TASK DIRECTIONS: Copy the data below exactly. Any pictures in it should be omitted.

COLLECTED DATA:
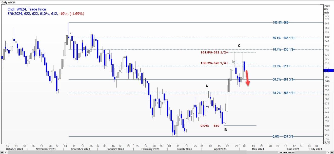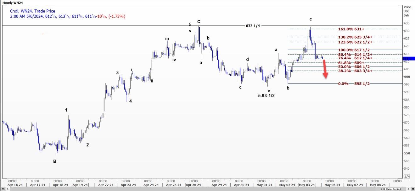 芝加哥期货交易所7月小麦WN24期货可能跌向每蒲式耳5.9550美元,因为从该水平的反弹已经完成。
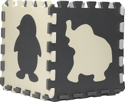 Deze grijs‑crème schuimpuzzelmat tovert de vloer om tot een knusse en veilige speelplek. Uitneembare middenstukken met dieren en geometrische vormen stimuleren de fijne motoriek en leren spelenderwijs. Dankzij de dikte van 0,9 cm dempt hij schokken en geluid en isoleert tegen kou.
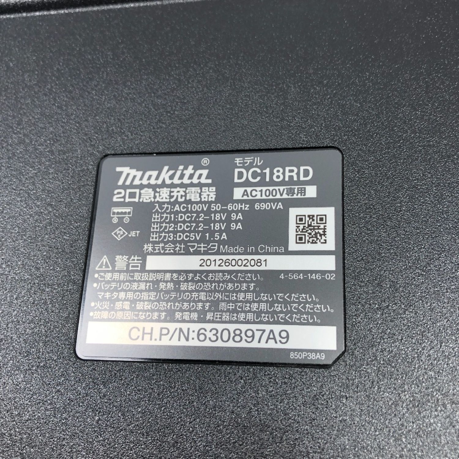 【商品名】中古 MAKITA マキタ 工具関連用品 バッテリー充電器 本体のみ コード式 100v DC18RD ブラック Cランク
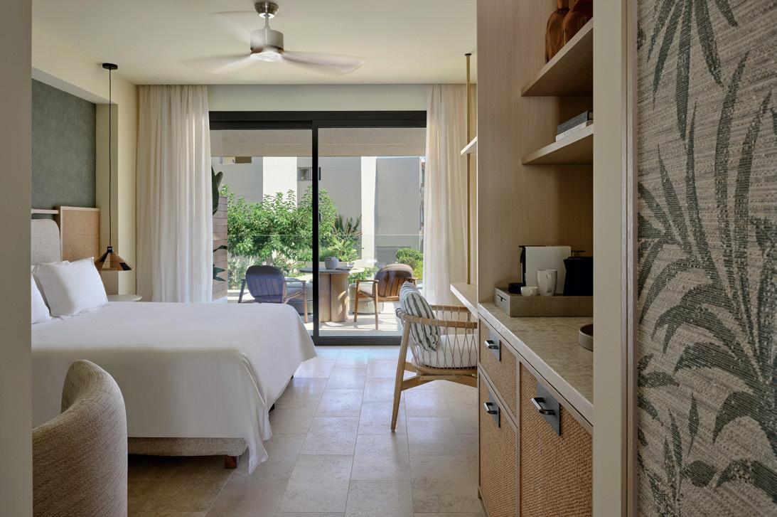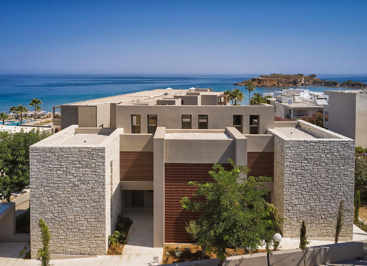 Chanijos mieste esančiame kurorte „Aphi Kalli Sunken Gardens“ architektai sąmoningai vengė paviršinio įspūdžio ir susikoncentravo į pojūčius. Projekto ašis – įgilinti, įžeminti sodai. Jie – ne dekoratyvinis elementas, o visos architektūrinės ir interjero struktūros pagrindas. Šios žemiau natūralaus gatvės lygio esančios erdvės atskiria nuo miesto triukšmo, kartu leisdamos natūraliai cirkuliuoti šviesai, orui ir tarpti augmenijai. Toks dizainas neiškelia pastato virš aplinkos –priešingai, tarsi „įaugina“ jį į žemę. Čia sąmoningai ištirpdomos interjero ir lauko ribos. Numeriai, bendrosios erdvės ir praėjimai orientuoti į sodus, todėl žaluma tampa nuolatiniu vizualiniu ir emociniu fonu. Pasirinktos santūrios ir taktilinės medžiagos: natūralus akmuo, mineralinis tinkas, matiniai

RESPONSE:
 芝加哥期货交易所7月小麦WN24期货可能跌向每蒲式耳5.9550美元,因为从该水平的反弹已经完成。
 Deze grijs‑crème schuimpuzzelmat tovert de vloer om tot een knusse en veilige speelplek. Uitneembare middenstukken met dieren en geometrische vormen stimuleren de fijne motoriek en leren spelenderwijs. Dankzij de dikte van 0,9 cm dempt hij schokken en geluid en isoleert tegen kou.
 【商品名】中古 MAKITA マキタ 工具関連用品 バッテリー充電器 本体のみ コード式 100v DC18RD ブラック Cランク
 Chanijos mieste esančiame kurorte „Aphi Kalli Sunken Gardens“ architektai sąmoningai vengė paviršinio įspūdžio ir susikoncentravo į pojūčius. Projekto ašis – įgilinti, įžeminti sodai. Jie – ne dekoratyvinis elementas, o visos architektūrinės ir interjero struktūros pagrindas. Šios žemiau natūralaus gatvės lygio esančios erdvės atskiria nuo miesto triukšmo, kartu leisdamos natūraliai cirkuliuoti šviesai, orui ir tarpti augmenijai. Toks dizainas neiškelia pastato virš aplinkos –priešingai, tarsi „įaugina“ jį į žemę. Čia sąmoningai ištirpdomos interjero ir lauko ribos. Numeriai, bendrosios erdvės ir praėjimai orientuoti į sodus, todėl žaluma tampa nuolatiniu vizualiniu ir emociniu fonu. Pasirinktos santūrios ir taktilinės medžiagos: natūralus akmuo, mineralinis tinkas, matiniai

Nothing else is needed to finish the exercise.